Following the incident, Apple’s Sabih Khan, senior vice president of operations, instructed managers to reduce the number of workers on iPhone final assembly lines by as much as 50% over the next few years.
To achieve this, the U.S. tech giant started approving automation projects for its assembly lines, which had previously halted due to high up-front costs, the report noted.
The move led to a significant amount of automation handling the final assembly for iPhone 15, the report added, citing three people involved in its manufacturing.
If Apple is able to more fully automate iPhone manufacturing, it would be able to move more of its production operations from China to countries such as Vietnam and India, where experienced manufacturing engineers are difficult to get, the report noted citing former Apple manufacturing managers.
In April, it was reported that Apple doubled its production of iPhones in India, assembling about $14B worth of phones last fiscal year, a sign that the company is accelerating its push to diversify beyond China. The company now makes nearly 14% or about 1 in 7 of its iPhones in India. Foxconn — which is formally known as Hon Hai Precision (OTCPK:HNHAF) (OTCPK:HNHPF) — assembled about 67% of the India-made iPhones in the fiscal year ended March 2024.
Reducing its reliance on China has become vital for Apple due to labor disruptions and growing trade tensions between the U.S. and China, and Taiwan.

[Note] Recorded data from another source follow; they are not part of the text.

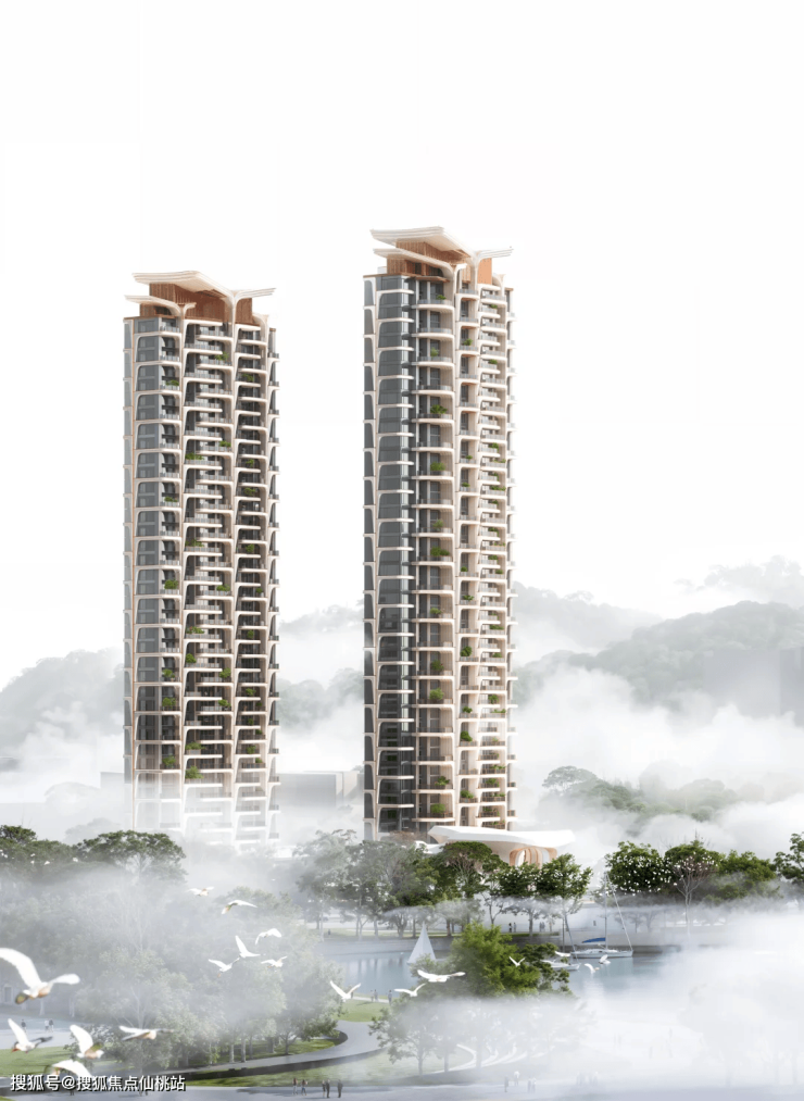 宸启瑞湖二期的立面设计是项目的一大亮点。设计师以白鹭展翼的形态语言为灵感,将这种灵动的姿态转化为建筑立面的线条和轮廓。白色的立面材质在阳光的照耀下,仿佛白鹭的羽毛般轻盈洁白,给人一种纯洁、高雅的视觉感受。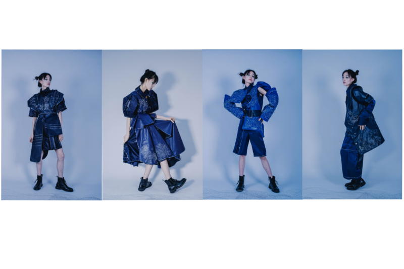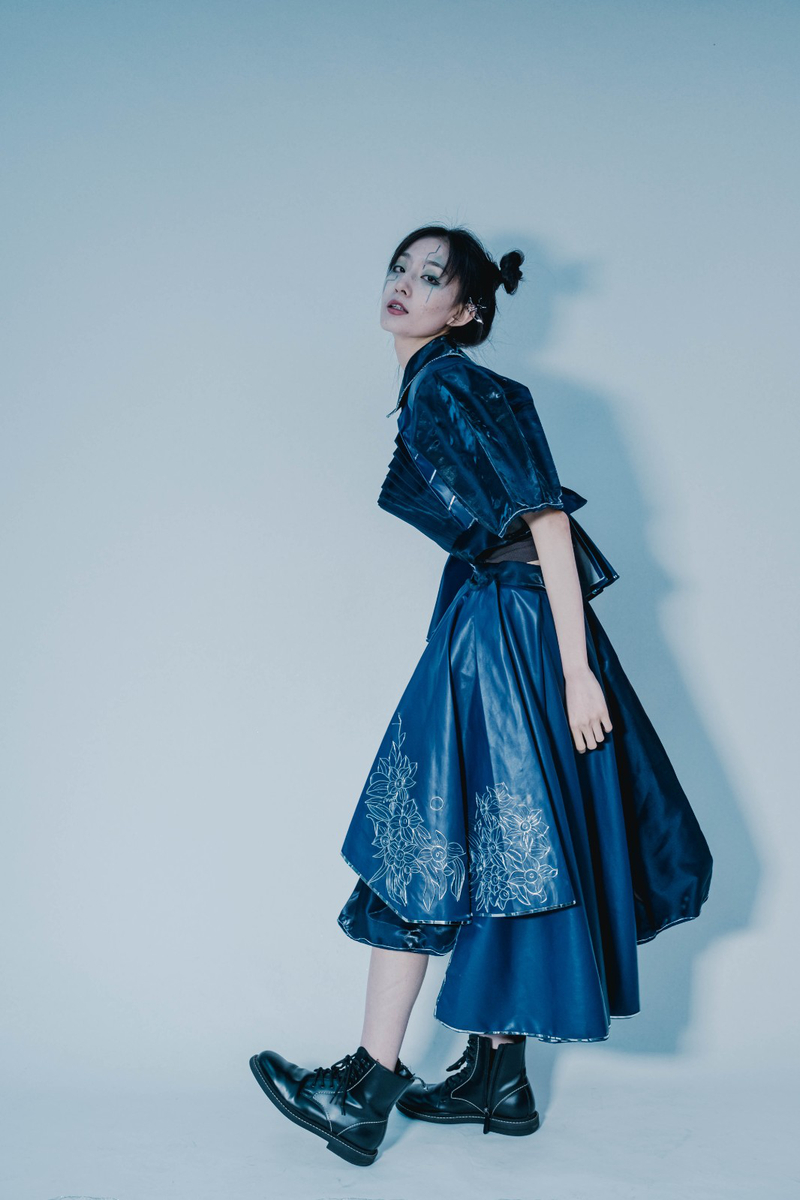 作品简介:本系列灵感来自于非遗传统工艺掐丝元素。在廓形设计上多使用圆形和层层叠叠的设计,与掐丝弯弯绕绕的外形相符合,在图案设计上使用传统的缠枝莲花纹和鱼纹,将其以掐丝的形式运用在服装上。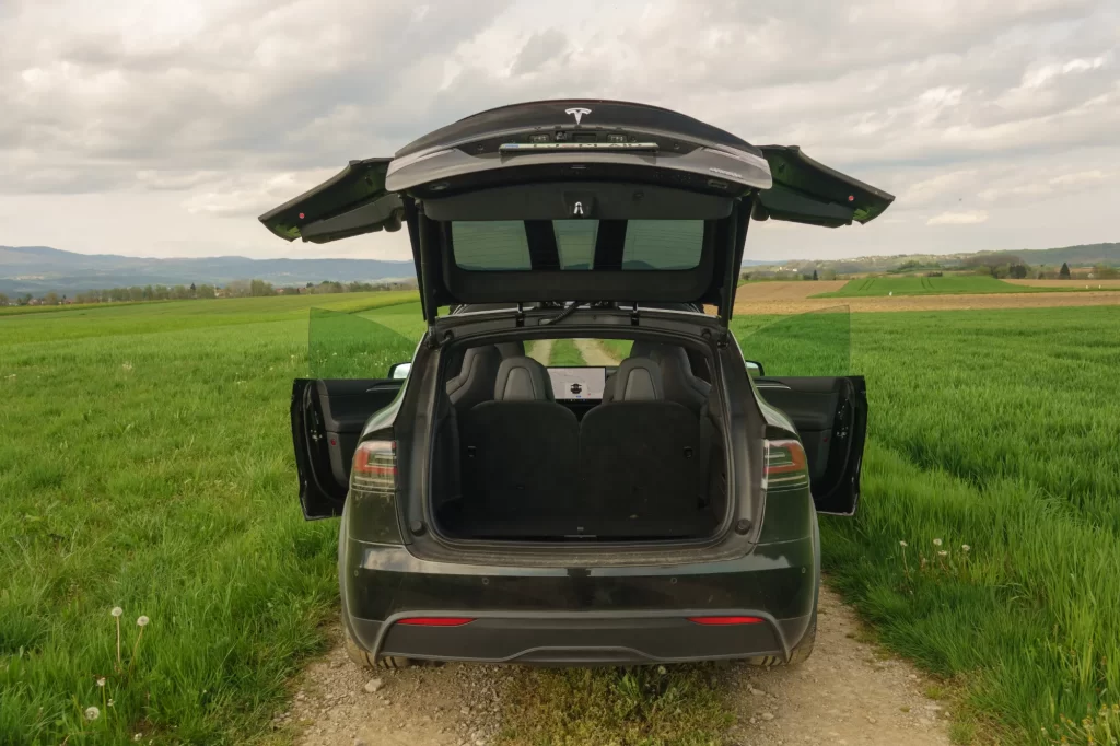 Novinec se od starega modela vsaj na prvi pogled ne razlikuje veliko, večino sprememb se skriva pod pokrovom in v notranjosti potniške kabine. Dobrih 5 metrov dolg SUV, ki ima značilen Teslin nos, se v srednjem delu lepo dvigne in nato počasi spušča proti zadnjemu delu, kot smo že vajeni pri drugih vozilih. Na prtljažnih vratih je tudi spojler, ki ni tam le zaradi lepšega, saj je končna hitrost avta 262 km/h (elektronsko omejena). Ali to drži, nismo preizkušali, se pa števec v Sport načinu tudi nad omejitvijo na naših avtocestah hitro dviguje in avtu razen zvoka motorja, ki ga v tem primeru odpade, nič ne manjka. Model X želi biti udoben avto v vseh možnih primerih, zato se vsa vrata avtomatsko odpirajo, tudi sprednja. Zadnja, imenovana Falcon Doors, so še malo bolj posebna, saj se odpirajo navzgor, kot pri Mercedesu 300SL »Gullwing«, in ker imajo vmes dodaten tečaj, rabijo zelo malo prostora, da se dvignejo. Drsna vrata bi bila morda še uporabnejša, a z njimi težko poveste, da imate prav poseben avto. Ko se usedete v avto, je na voznikovi strani dovolj, da pritisnete zavoro in vrata se sama zaprejo, a dokler ne boste zapeti, se avto ne bo želel premakniti. Ko zapustite avto in če imate telefon namesto kartice za odklep, ne rabite zapirat vrat ali dvigovat oken, avto to postori namesto vas. V slabem tednu dni so nam take malenkosti tako zlezle po kožo, da smo se v starem avtu čudili, zakaj se se nič ne zgodi samo od sebe.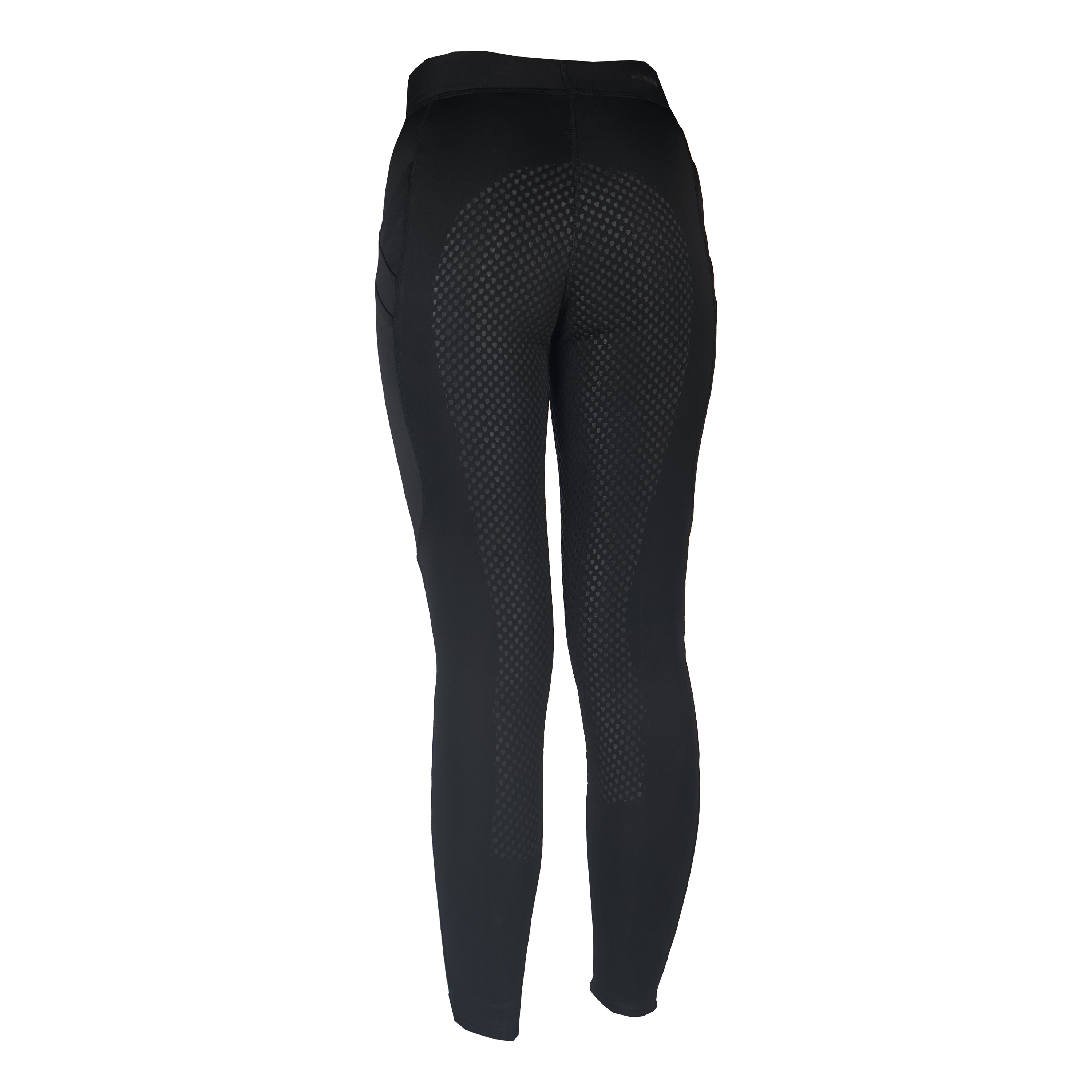 Classically designed women’s riding leggings. The Kate riding leggings feature a high waist and a printed silicone seat. Product specifications: High waist, Side zippered pocket for mobile phone, Full silicone seat, Material: 90% polyester, 10% spandex knit

Apple already seems to have started reducing the number of workers who work on manufacturing its devices in China. Earlier this year, Apple noted in an annual report on its supply chain that the total number of employees it monitors at its production partners for work-hour compliance declined to more than 1.4M in 2023 from a peak of over 1.6M in 2022.
It was the first time these numbers declined in a year-on-year basis in over a decade of the company publishing the reports. The number of employees fell despite the number of factories Apple monitors rose to more than 380 from over 300 a year earlier.
Apple has started buying machine-learning startups to help it replace people who inspect products on its assembly lines. Earlier this year, it acquired Canada-based DarwinAI, which uses computer vision to inspect parts such as printed circuit boards for defects.
The startup also made small machine learning models which can run on iPhones. If iPhones could test themselves, Apple would not require buying testing tools at a large scale, the report noted.
Apple has also bought Palo Alto, Calif.–based Drishti, which helps it analyze video footage of its assembly lines to identify bottlenecks and manufacturing problems in real time, the report stated.
Over the years, iPhones have become difficult to assemble as they become more sophisticated. High turnover at the facilities assembling the phone in China meant Apple and its partners had to break down the assembly of the smartphone into simpler tasks to make it easier for inexperienced staff to complete them.
However, this also meant that the total number of people at the iPhone facilities continued to increase as the company added more stations on assembly lines to get the simpler tasks done, as per the report.
In internal meetings at Apple, a topic of discussion was the dislike Apple CEO Tim Cook and COO Jeff Williams have for fully automated assembly lines, due to their experience at IBM in the 1990s, where they worked previously.
Apple found it was difficult to justify the cost of machines which may only be used for a single year before the iPhone design refreshes, which would lead to the machines becoming obsolete.